**AVAILABLE DATA:**
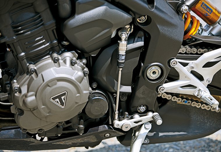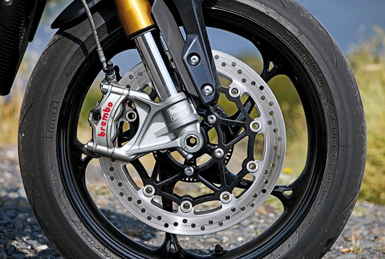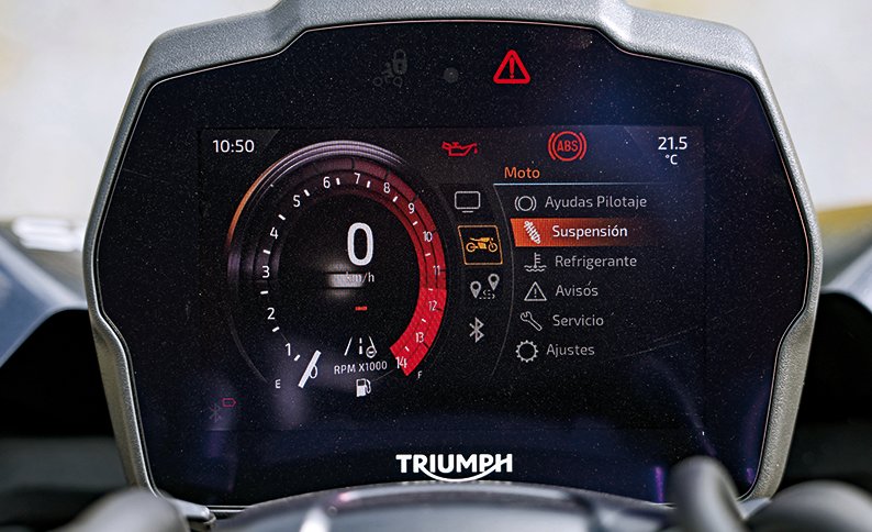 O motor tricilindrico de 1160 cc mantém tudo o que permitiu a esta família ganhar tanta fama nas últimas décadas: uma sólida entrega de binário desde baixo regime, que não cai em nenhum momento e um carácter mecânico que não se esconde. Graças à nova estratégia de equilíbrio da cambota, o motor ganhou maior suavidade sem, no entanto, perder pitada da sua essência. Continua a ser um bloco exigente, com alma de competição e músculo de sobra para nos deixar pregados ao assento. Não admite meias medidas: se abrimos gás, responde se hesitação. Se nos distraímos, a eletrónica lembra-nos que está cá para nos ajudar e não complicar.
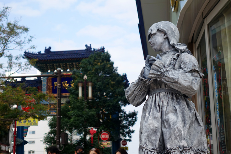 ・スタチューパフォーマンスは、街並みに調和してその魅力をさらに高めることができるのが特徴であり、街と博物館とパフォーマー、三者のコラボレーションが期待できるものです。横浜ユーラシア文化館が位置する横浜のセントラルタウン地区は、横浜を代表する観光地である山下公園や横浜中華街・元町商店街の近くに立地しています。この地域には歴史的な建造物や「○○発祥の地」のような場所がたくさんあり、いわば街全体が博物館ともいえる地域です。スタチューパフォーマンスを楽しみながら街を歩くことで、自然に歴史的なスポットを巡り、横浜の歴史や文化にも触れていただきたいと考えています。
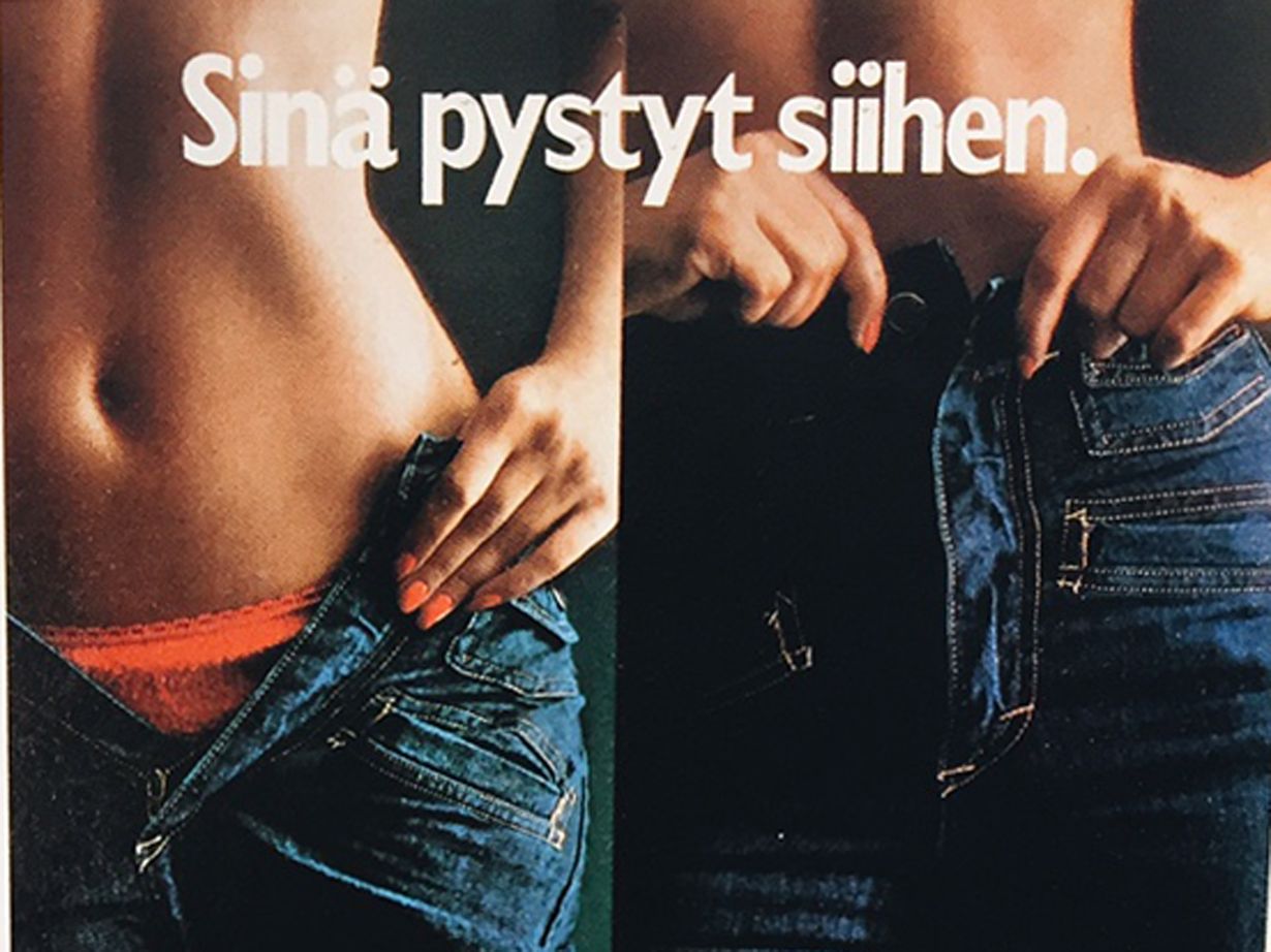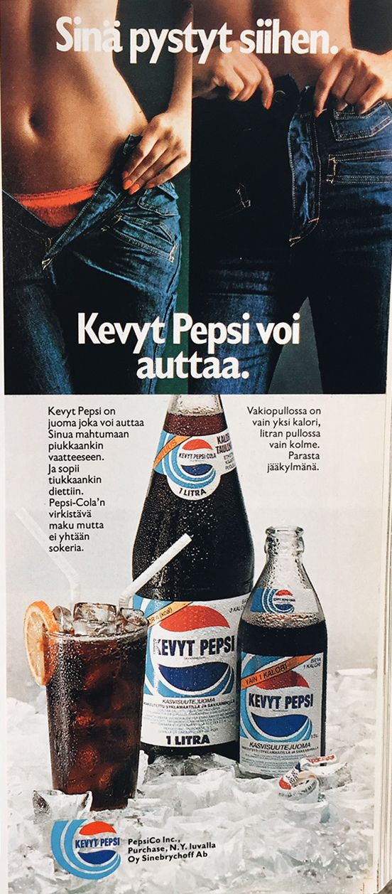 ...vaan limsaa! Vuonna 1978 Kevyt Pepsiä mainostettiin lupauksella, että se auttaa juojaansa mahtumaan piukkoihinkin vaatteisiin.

**TO DO:** Give the data above again exactly. Leave the pictures out.

**RESULT OF THE EXERCISE:**
 O motor tricilindrico de 1160 cc mantém tudo o que permitiu a esta família ganhar tanta fama nas últimas décadas: uma sólida entrega de binário desde baixo regime, que não cai em nenhum momento e um carácter mecânico que não se esconde. Graças à nova estratégia de equilíbrio da cambota, o motor ganhou maior suavidade sem, no entanto, perder pitada da sua essência. Continua a ser um bloco exigente, com alma de competição e músculo de sobra para nos deixar pregados ao assento. Não admite meias medidas: se abrimos gás, responde se hesitação. Se nos distraímos, a eletrónica lembra-nos que está cá para nos ajudar e não complicar.
 ・スタチューパフォーマンスは、街並みに調和してその魅力をさらに高めることができるのが特徴であり、街と博物館とパフォーマー、三者のコラボレーションが期待できるものです。横浜ユーラシア文化館が位置する横浜のセントラルタウン地区は、横浜を代表する観光地である山下公園や横浜中華街・元町商店街の近くに立地しています。この地域には歴史的な建造物や「○○発祥の地」のような場所がたくさんあり、いわば街全体が博物館ともいえる地域です。スタチューパフォーマンスを楽しみながら街を歩くことで、自然に歴史的なスポットを巡り、横浜の歴史や文化にも触れていただきたいと考えています。
 ...vaan limsaa! Vuonna 1978 Kevyt Pepsiä mainostettiin lupauksella, että se auttaa juojaansa mahtumaan piukkoihinkin vaatteisiin.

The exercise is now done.